Peter Gammons joined Toucher & Rich on Wednesday morning and said that explanation does have merit.
“This was his first game indoors. I buy that,” Gammons said. “He throws his knuckler much harder than almost any other knuckleballer. He still throws his fastball 86-88 miles per hour, and his knuckleball can be up at around 80, 81, which is extremely fast. … Tim Wakefield was really good at controlling his knuckler in doors … but he had some practice doing it. Wright had not.
“Wright is very much a work in progress. This is a guy that I think a year from now will be really good, because he has so much break and so much velocity on his knuckler. But I think you gotta go through some really ugly times.”
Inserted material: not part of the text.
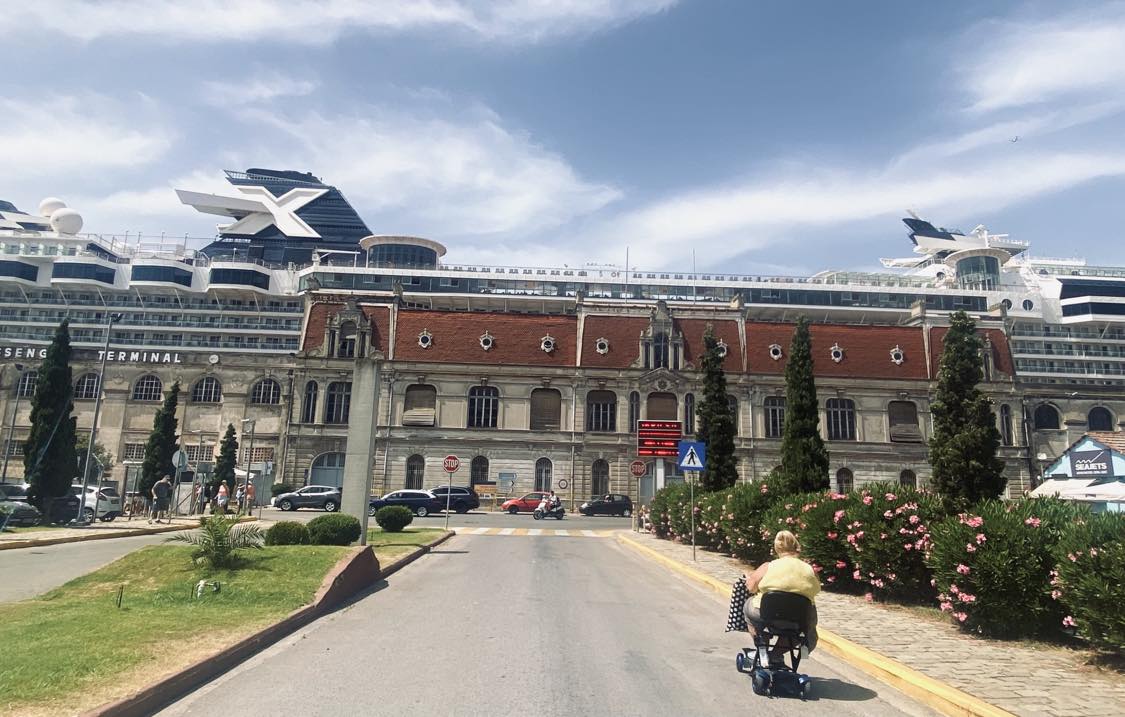 Κάθισα σε μια σκιά και κοίταζα τους δυο όγκους. Το εντυπωσιακό, στα μέτρα του ανθρώπινου νου όμως όγκο του κτιρίου και πλάι του να υψώνεται απειλητικά το θεριό της τουριστικής αμετροέπειας. Περπάτησα κάμποσο μέσα στο λιμάνι, έφτασα στην είσοδο του, κοίταζα τον τρόπο που υψώνονταν το πλοίο πάνω από το κτίριο, σαν να το κατάπινε και σκεφτόμουν πώς από την πλευρά της θάλασσας, η πόλη, με το παλιό της αποτύπωμα σε αυτό το σημείο απλά δεν υφίστατο. Είχε σβήσει πίσω από το μέγεθος του.

The comparisons to Wakefield are inevitable for Wright, though it’s clear they’re vastly different pitchers. Nevertheless, Gammons said Wright can learn a lot from the way Wakefield handled his career.
“One of the great things about Tim Wakefield was that he was so patient. You have to be so patient,” Gammons said. “You have to go, ‘Sometimes the ball is going to end up in the Monster seats.’ But he would hang in there and keep trying and give you innings. I think that’s eventually what Wright may be able to do for them, is be a four or five starter who throws 220 innings and saves other pitchers. And if a team is good enough offensively, and they can score five or six runs a game, If he pitches seven innings and gives up four runs, he gives them a chance to win.”
Gammons was also asked about Jacoby Ellsbury, who hit two homers in a game the Red Sox eventually won 15-10. Jon Wallach asked if Ellsbury is raising his play late in the season so that he may cash in with a mega-contract in the offseason.
“I don’t think he’s sitting there going, ‘I better call Scott Boras and find out what I’m worth today,’ or, ‘Oh I hit two home runs, what am I worth today?’ I just don’t think that’s in his makeup,” Gammons said.
Gammons also said that if Mike Napoli’s struggles continue, the Red Sox will likely make some changes in September, when Xander Bogaerts and Will Middlebrooks will likely be on the team due to the expanded roster.
“If Middlebrooks gets hot again against left-handed pitching, which he was for a couple of months last year, is that all of a sudden going to tempt them to put Middlebrooks in the lineup against lefties?” Gammons pondered.